Among the lines below, output only those between the line holding "The process of" and the line holding "西北工业大学王婷代表获奖选手", inclusive, exactly as written and with no pictures.

[Records from a dataset]
##############################
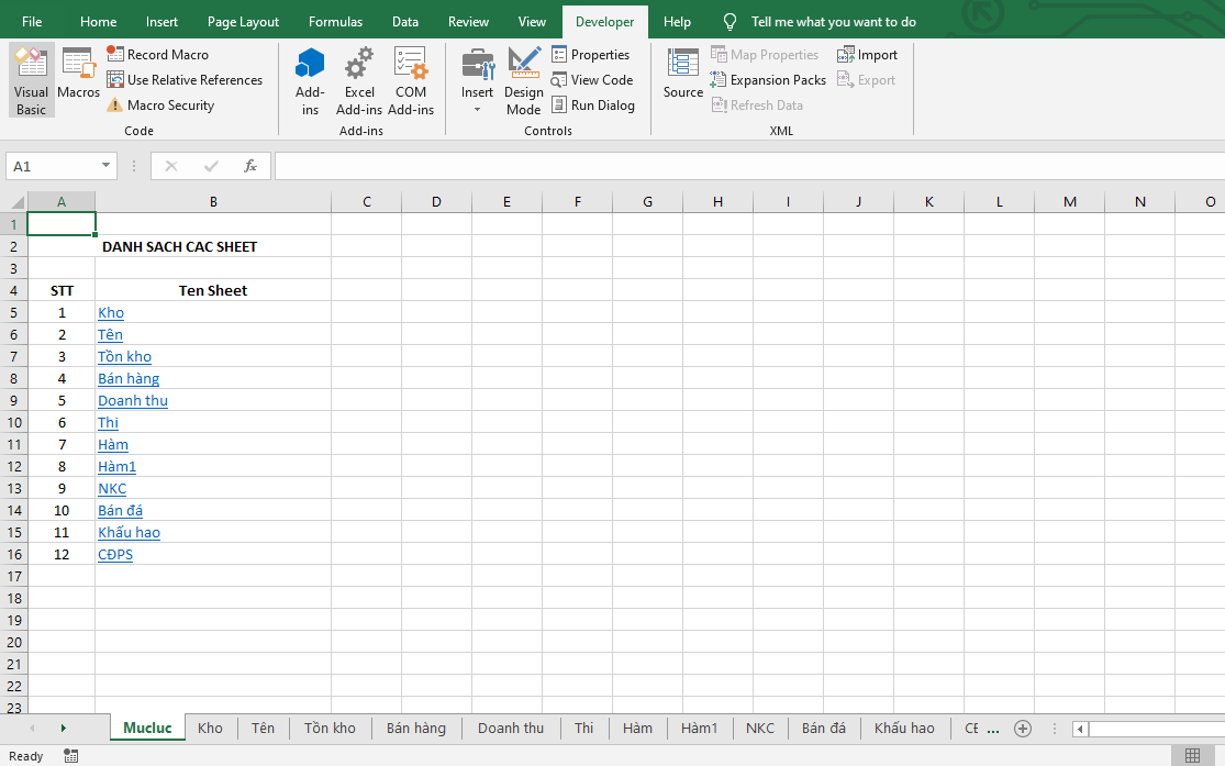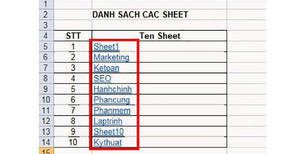 Chỉ cần như vậy là một sheet Mục lục mới sẽ tự động được tạo ra vào danh sách các sheet hiện có trong file sẽ được lấy ra tại đây. Các bạn chỉ cần nhấn vào một sheet bất kỳ là trang tính sẽ tự động được chuyển sang sheet đó một cách dễ dàng.
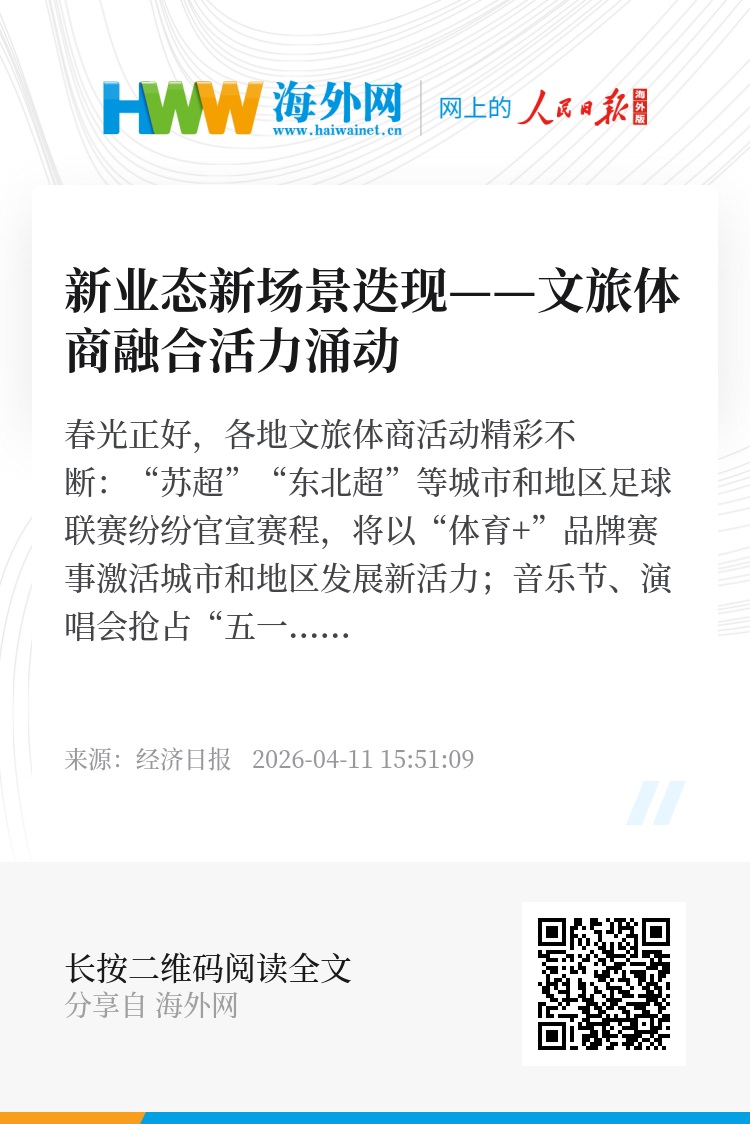 春光正好,各地文旅体商活动精彩不断:“苏超”“东北超”等城市和地区足球联赛纷纷官宣赛程,将以“体育+”品牌赛事激活城市和地区发展新活力;音乐节、演唱会抢占“五一档”,期待奏响假日经济新乐章……当“为一场赛事赴一座城”“为一场演出解锁一座城”渐成消费新常态,文旅体商融合发展潜力正加速释放。
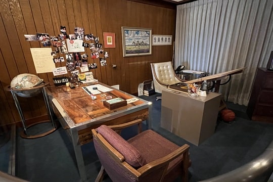 入場券で入口を通って突き当りに大きなタイル壁画があります。こちら、実は漫画のコマでできているんです!そしてさらに驚くべきことに、こちらの制作は日本人のアーティスト・大谷芳照さんという方が手掛けているんです!大谷さんは、大阪鶴見のスヌーピーのアミューズメント施設計画づくりを受託した際、シュルツさんとはじめて出会い、その作品作りによってシュルツさんの心をとらえます。1998年サンタローザにおけるシュルツミュージアム設立計画に参画され、コアスタッフとして尽力されました。大谷さんがデザインしたこの壁画は、3,588枚の陶器タイルからできており、これは1956年から1988年の間に最初に発行された日刊漫画の約10年分に相当するとのことです。大谷さんは各漫画を手作業で選び、ルーシーがチャーリー・ブラウンのためにフットボールを持っている副次的なシーンを構成されました。
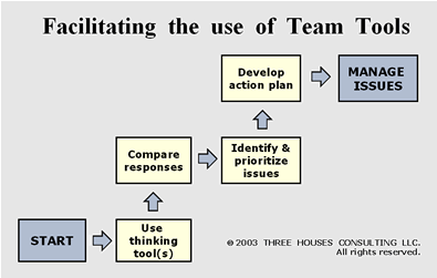 The process of use is shown below. Facilitated initial use of a tool(s) is recommended. After that, most teams would be able to use the tools on their own.
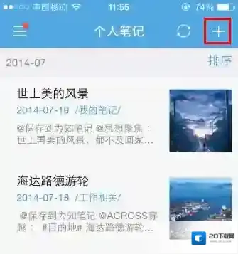 打开为知笔记 iPhone 客户端,长按笔记列表右上角的 + 号
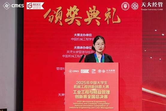 西北工业大学王婷代表获奖选手发表获奖感言。她对大赛执委会、各位评委和指导老师表达由衷的感谢。她表示,大赛为参赛师生提供了广阔的学习交流平台,在参赛过程中深刻体会到了工业工程的价值,提升了跨专业协作与系统思维能力,更坚定了投身国家高端制造与航空强国事业的信念。
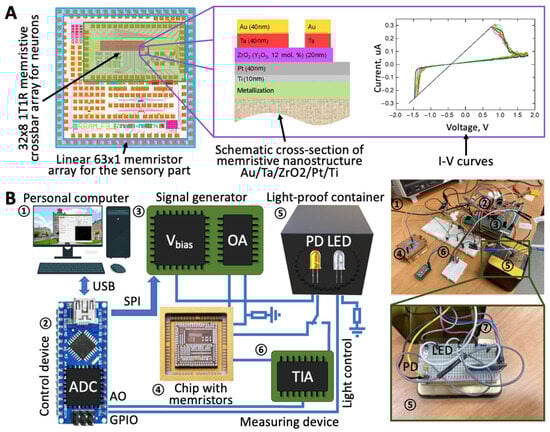 To demonstrate the operation of the proposed concept of neuromorphic analog computer vision systems, an experimental set-up was made (Figure 8). It consists of an experimental chip (Figure 8A), which includes in particular two necessary types of memristive arrays: a 63 × 1 linear memristive array for investigating the sensory part, and a 32 × 8 1T1R memristive crossbar array for investigating the neural part of the system. Memristive devices were fabricated on the basis of a Au/Ta/ZrO2(Y)/Pt/Ti multilayer structure. Each cell of the crossbar array was equipped with an N-channel MOSFET transistor (Figure 9, right side). The chip was mounted into a standard metal–ceramic package and connected with a light-proof container covering the silicon photodiodes and light sources, which can be turned on using a PC.
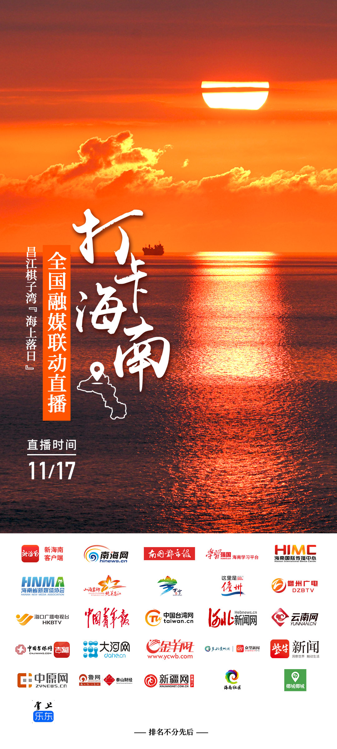 20多家全國融媒將聯動直播,給全國網友呈現山海黎鄉的旖旎風光。除了海南棋子灣開元度假村直播點位外,棋子灣大角、中角等景點以及海南萬國棋子灣海灘大酒店等點位,都能從不同角度欣賞“醉”美海上落日和棋子灣綿長海岸帶的壯闊景觀。
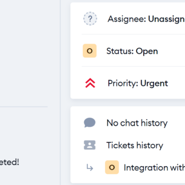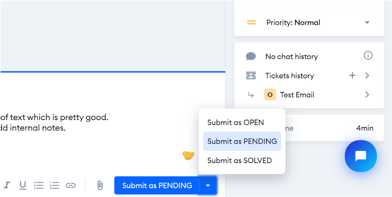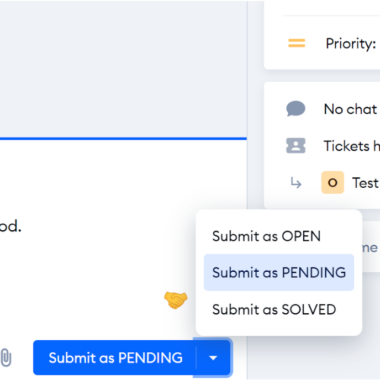 Tidio pakub teile ka mitmeid saatmisvõimalusi. Võite pileti saata ja muuta olekuks Avatud, Ootel või Lahendatud, olenevalt sellest, kas teie vastus lahendas kliendi probleemi. Parempoolne paneel sisaldab piletite ajalugu, prioriteetide seadeid, olekuseadeid, määramisteavet ja klienditeavet, mille saate täita otse piletis.
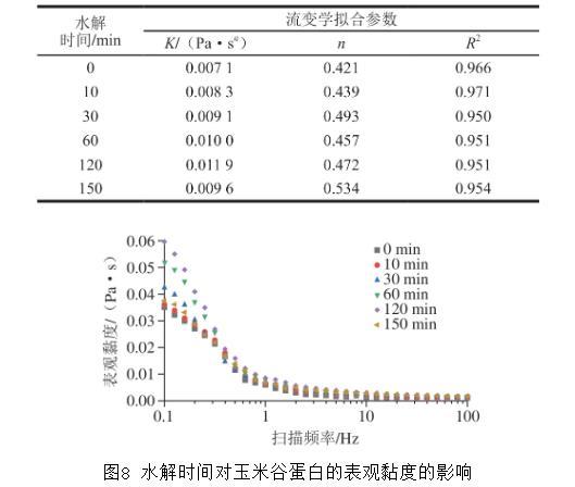 圖8水解時間對玉米谷蛋白的表觀黏度的影響
##############################
Response to the exercise:
 The process of use is shown below. Facilitated initial use of a tool(s) is recommended. After that, most teams would be able to use the tools on their own.
 打开为知笔记 iPhone 客户端,长按笔记列表右上角的 + 号
 西北工业大学王婷代表获奖选手发表获奖感言。她对大赛执委会、各位评委和指导老师表达由衷的感谢。她表示,大赛为参赛师生提供了广阔的学习交流平台,在参赛过程中深刻体会到了工业工程的价值,提升了跨专业协作与系统思维能力,更坚定了投身国家高端制造与航空强国事业的信念。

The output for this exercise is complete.